On 19.06.2023 04:07, Liu, Hongtao wrote:
>> -----Original Message-----
>> From: Jan Beulich <jbeulich@suse.com>
>> Sent: Friday, June 16, 2023 2:22 PM
>>
>> --- a/gcc/config/i386/sse.md
>> +++ b/gcc/config/i386/sse.md
>> @@ -12597,11 +12597,11 @@
>> (set_attr "mode" "<sseinsnmode>")])
>>
>> (define_insn "*<avx512>_vternlog<mode>_all"
>> - [(set (match_operand:V 0 "register_operand" "=v")
>> + [(set (match_operand:V 0 "register_operand" "=v,v")
>> (unspec:V
>> - [(match_operand:V 1 "register_operand" "0")
>> - (match_operand:V 2 "register_operand" "v")
>> - (match_operand:V 3 "bcst_vector_operand" "vmBr")
>> + [(match_operand:V 1 "register_operand" "0,0")
>> + (match_operand:V 2 "register_operand" "v,v")
>> + (match_operand:V 3 "bcst_vector_operand" "vBr,m")
>> (match_operand:SI 4 "const_0_to_255_operand")]
>> UNSPEC_VTERNLOG))]
>> "TARGET_AVX512F
> Change condition to <MODE_SIZE> == 64 || TARGET_AVX512VL || (TARGET_AVX512F && !TARGET_PREFER_AVX256)

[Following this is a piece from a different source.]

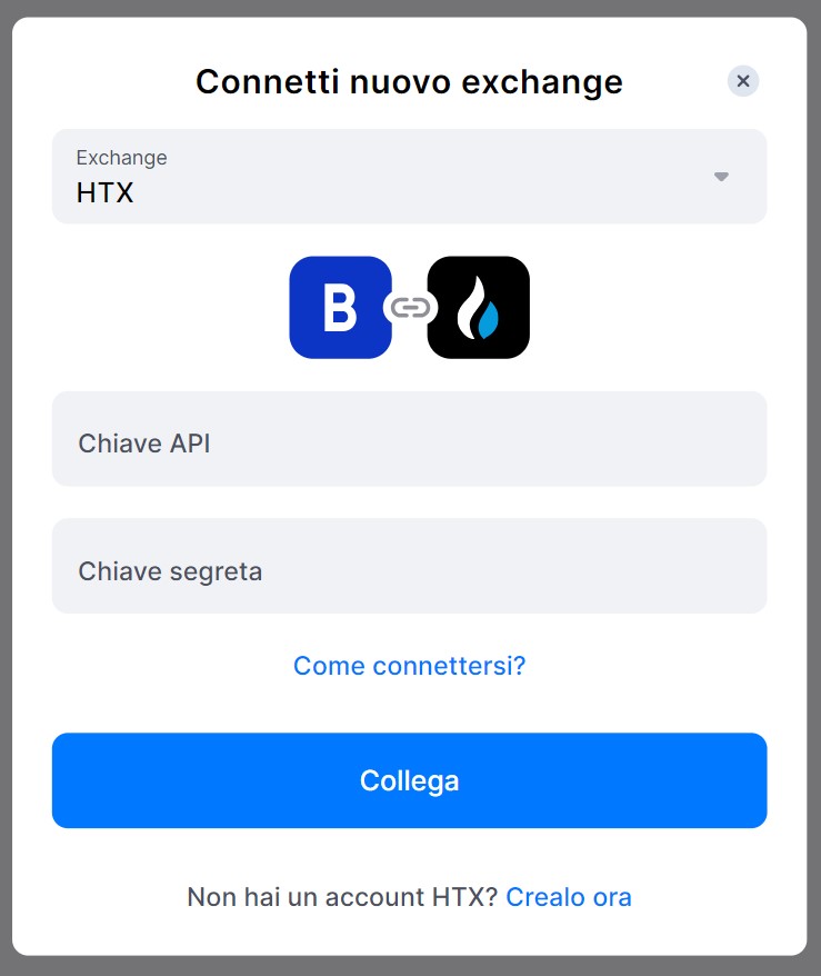 Dalla finestra pop-up, seleziona HTX. Si aprirà una finestra in cui potrai aggiungere la tua chiave API e la chiave segreta. A questo punto clicca su [Collega].

May I ask why you think this is necessary? The condition of the insn
already wasn't in sync with the condition used in all three splitters,
and I didn't see any reason why now they would need to be brought in
sync. First and foremost because of the use of the UNSPEC (equally
before and after this patch).
Furthermore, isn't it the case that I'm already mostly expressing
this with the "enabled" attribute? At the very least I think I
should drop that again then if following your request?
> Also please add a testcase for case TARGET_AVX512F && !TARGET_PREFER_AVX256.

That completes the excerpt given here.